**SA433 &#x25aa; Data Wrangling and Visualization &#x25aa; Fall 2024**

# Lesson 17. Working with Missing Values in Pandas

## In this lesson...

- We learned a little bit about missing values back in Lesson 13


- In this lesson, we'll learn about working with missing values in Pandas in more detail &mdash; quirks and all

<hr style="border-top: 2px solid gray; margin-top: 1px; margin-bottom: 1px"></hr>

## Another small example dataset 

* Let's start by importing Pandas and NumPy:

In [None]:
import pandas as pd
import numpy as np

* For this lesson, we'll work with a small example dataset, in the CSV file `data/toy.csv` in the same folder as this notebook

In [None]:
toy_df = pd.read_csv(
    'data/toy.csv',
    parse_dates=['datetimes']
)

- Note that `parse_dates=...` takes a list of columns to be parsed as a datetime data type (dtype)
    - See [the documentation for `pd.read_csv()`](https://pandas.pydata.org/pandas-docs/stable/reference/api/pandas.read_csv.html) for details


* Let's see what this dataset looks like:

In [None]:
toy_df

- Looking at the raw CSV file, we see that the `integers` column contains integers or missing values


- However, note that the `integers` column, consisting of integers, was read in as a float


- Unfortunately, Pandas cannot (easily) handle a Series of integers with NaN values
    - Actually, [there is a way to do this](https://pandas.pydata.org/pandas-docs/stable/user_guide/integer_na.html), but it's currently experimental

<hr style="border-top: 2px solid gray; margin-top: 1px; margin-bottom: 1px"></hr>

## Values considered "missing"

- We saw in an earlier lesson that Pandas uses `NaN` to mark values that are *"missing"* or *"not available"* or *"NA"*


- Pandas has other markers for missing values, such as `NaT` for datetime dtypes


- Good news: `.isna()` and `.notna()` will detect NA values, no matter the marker used

- For example, we can query for all rows with a missing value of `datetimes` like this:

<hr style="border-top: 2px solid gray; margin-top: 1px; margin-bottom: 1px"></hr>

## Sorting with missing data

- Recall that when we use `.sort_values()` to sort a DataFrame by the values of one of its columns, the missing values get placed at the end


- For example, let's see what happens when we sort our DataFrame by `floats`:

## Computations with missing values

- Arithmetic operations with missing values results in NA


- For example, let's see what happens when we add the `floats` and `integers` columns together:

- Happily, many of the built-in Pandas methods that perform descriptive statistics and computational methods, like the *reduction*/*aggregation* and _"same size"_ methods from Lessons 15 and 16, are written to account for missing values


- For example, when using `.sum()`, NA values are skipped by default


- To illustrate, let's see what happens when we sum the values in the `floats` and `integer` columns across all the rows:

- [The documentation for the `.sum()` DataFrame method](https://pandas.pydata.org/pandas-docs/stable/reference/api/pandas.DataFrame.sum.html) describes the `skipna=...` keyword argument, which is `True` by default


- This is also the case for Series/DataFrame methods like `.max()`, `.mean()`, `.median()`, `.min()`, `.mode()`, `.std()`, `.var()`, etc.

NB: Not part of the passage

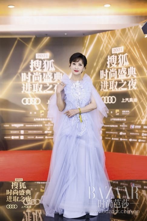 2021年适逢搜狐时尚盛典十周年,活动以“进取之夜”为主题,演员赵雅芝一身淡紫色礼裙亮相,散发着时光沉淀下的优雅与端庄。她是华语影视圈公认的“冻龄女神”,凭借优雅气质与精湛演技,在近50年演艺生涯中塑造了《新白娘子传奇》白素贞、《上海滩》冯程程、《戏说乾隆》程淮秀等众多跨越时代的经典形象,在观众心中留下了难以磨灭的印记。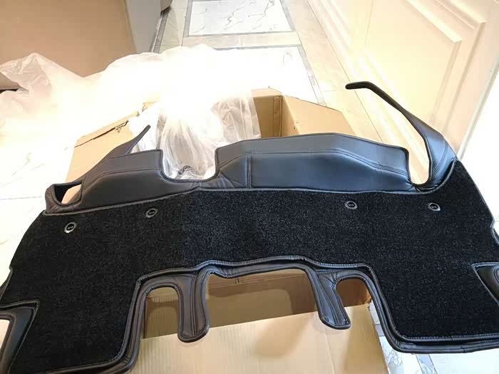 说起脚垫,还有一个故事:我在淘宝上定制的全皮脚垫,三排共计3000多元。我比较了很多家,感觉这家做工、材料都不错,老板也特别诚恳。为了不出错,老板专门让我把上面的几张照片发给她,完了还喊版师到当地4S店复核,说我的车是19款带4区空调的,她们没有数据。就这样一来二去大家沟通了一个星期吧,算是定下来进入制作环节了。结果,后面发生了三件事:1、从交钱到发货等了15天左右,终于发货了,却收到的是奥迪Q7的

<hr style="border-top: 2px solid gray; margin-top: 1px; margin-bottom: 1px"></hr>

## Groupby with missing values

- NA values in groupby operations are automatically excluded


- For example, let's group our dataset by the values of `strings` and compute the mean of `floats` for each group:

<hr style="border-top: 2px solid gray; margin-top: 1px; margin-bottom: 1px"></hr>

## Filling missing values

- Sometimes ignoring or skipping NA values is the way to go, like `.sum()` and other Pandas built-in methods do by default


- Other times, you may want to fill NA values with something else that makes sense


- We can use the `.fillna()` Series/DataFrame method to accomplish this


- For example, we can replace the NA values in the `floats` column with 0:

- Note that `.fillna()`, when applied to a Series, returns a Series
    - When applied to a DataFrame, `.fillna()` returns a DataFrame

- Instead of using 0, we can replace the NA values in the `floats` column with the mean of the non-NA values:

- We can also use `.fillna()` to forward-fill or back-fill values, like this:

In [None]:
toy_df['floats'].fillna(method='ffill')

In [None]:
toy_df['floats'].fillna(method='bfill')

- This way of filling NA values often makes sense for time series data, sorted chronologically


- See [the documentation for `.fillna()`](https://pandas.pydata.org/pandas-docs/stable/reference/api/pandas.DataFrame.fillna.html) for details

<hr style="border-top: 2px solid gray; margin-top: 1px; margin-bottom: 1px"></hr>

## Dropping rows or columns with missing values

- If you just want to exclude rows or columns with missing values, you can use `.dropna()`


- By default, `.dropna()` returns a new DataFrame with all the rows containing NA values (in any column) dropped:

In [None]:
toy_df.dropna()
# toy_df.dropna(axis='rows') does the same thing

- We can obtain a new DataFrame with all the columns containing NA values (in any row) dropped by using the `axis='columns'` keyword argument:

<hr style="border-top: 2px solid gray; margin-top: 1px; margin-bottom: 1px"></hr>

## Replacing values with NA

- Sometimes, missing values are encoded with a **sentinel value**: a special value designated for missing values


- For example, suppose `-99` is a sentinel value in our dataset: we see that the `integers` column contains the value `-99.0`, which was originally `-99` in the CSV file:

In [None]:
toy_df

- We can replace values of `-99.0` with a proper NA value marker using the `.replace()` Series/DataFrame method, like this:

- Note that `.replace()` returns a new Series when applied to a Series
    - `.replace()` returns a new DataFrame when applied to a DataFrame

- So, we can add a new column to our DataFrame with the revised `integers` column, like this:

- Alternately, we can replace the `NaN` values in the `integers` column with a sentinel value


- Then, we can convert the `integers` column to be a proper column of `int` dtypes with the `.astype()` method


- Like this:

- Here is [the documentation for the `.replace()` Series method](https://pandas.pydata.org/pandas-docs/stable/reference/api/pandas.DataFrame.replace.html)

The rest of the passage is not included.